Evaluer la poésie est toujours difficile. N’étant pas très instruit en matière de métrique et autres obligations de la poésie classique, et ne connaissant pas non plus les codes qui régissent la poésie libre (y en a-t-il seulement?), je m’abstiendrai de parler de la forme. Parlons du fond, alors. Navigator, c’est probablement ce qu’il resterait de tous les autres ouvrages de l’autrice, une fois dépouillés de tout contexte et de tout nom étranger. Pas un squelette, mais plutôt du sang, et de la « substantifique moelle ». Et voilà pourquoi la critique est difficile, car comment évaluer le sang d’autrui ? Ca ne se fait pas.
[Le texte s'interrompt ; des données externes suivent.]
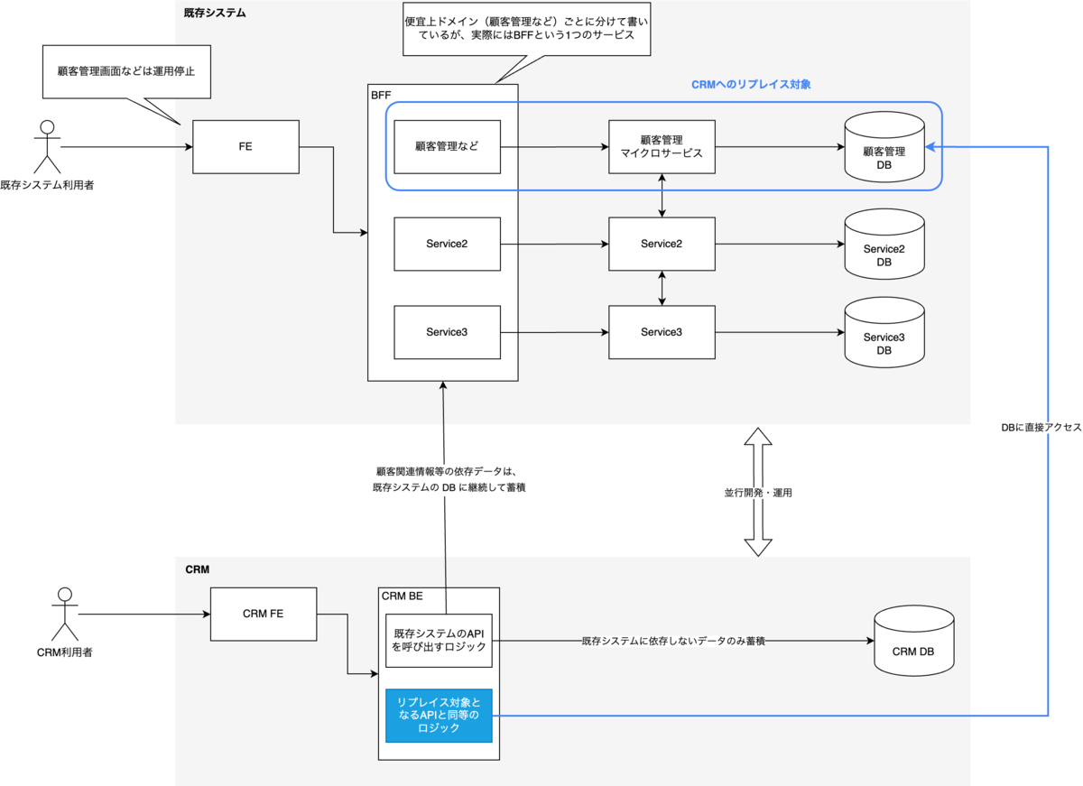 CRMのシステムリプレイスにおける計画としては、既存システムとCRMの両方を並行して開発・運用しながら、既存システムのAPIを徐々にCRMへ移行し、既存システムの顧客管理ドメインにあたるサービスを停止させるものです。

Il y a l’amour (toujours), mais embrasé et incandescent et jamais vécu comme une paix, puisque la paix est l’arrêt du changement, la petite-mort non-désirable : il y aura donc des poèmes flamboyants, taillés tantôt comme des complaintes et parfois comme du slam, avec ici et là comme un petit air de transe soufie ; la rencontre de l’Aimé, en ce sens, qui sauve et repêche, mais la félicité qui stagne et qui tue, et par conséquent la rupture nécessaire, et le retour à la solitude – pas de la même couleur pourtant, puisqu’elle enclenche le début d’un nouveau cycle. La même histoire, à la fois très personnelle et universelle, par petits bouts tranchants, et cette langue toujours aussi étonnante quand il s’agit de produire des images saisissantes où la beauté ne suffit plus : c’est le sublime, ou rien. La seconde partie du recueil, le Navigator proprement dit, a pour sa part des allures de longue incantation, d’appel et d’hommage à ceux qui ont précédé et d’invitation pour ceux qui suivront : les voyageurs, les quêteurs, tous ceux qui passent et qui marquent ou cherchent à marquer depuis que l’Homme raconte (puisqu’il faut bien raconter à un Autre) ; un relai, un geste de transmission, un appel à lire et à se nourrir pour conter à son tour dans un voyage qui, comme la mer, n’a pas de réel début ni – souhaitablement – de réelle fin. « Le navigateur est un vouloir en marche / Il ne désire pas tous les jours la paix ». En ce sens, Navigator n’est ni une île, ni une perle enchâssée. Juste un morceau de poésie à l’état sauvage. Juste ça, et rien de moins.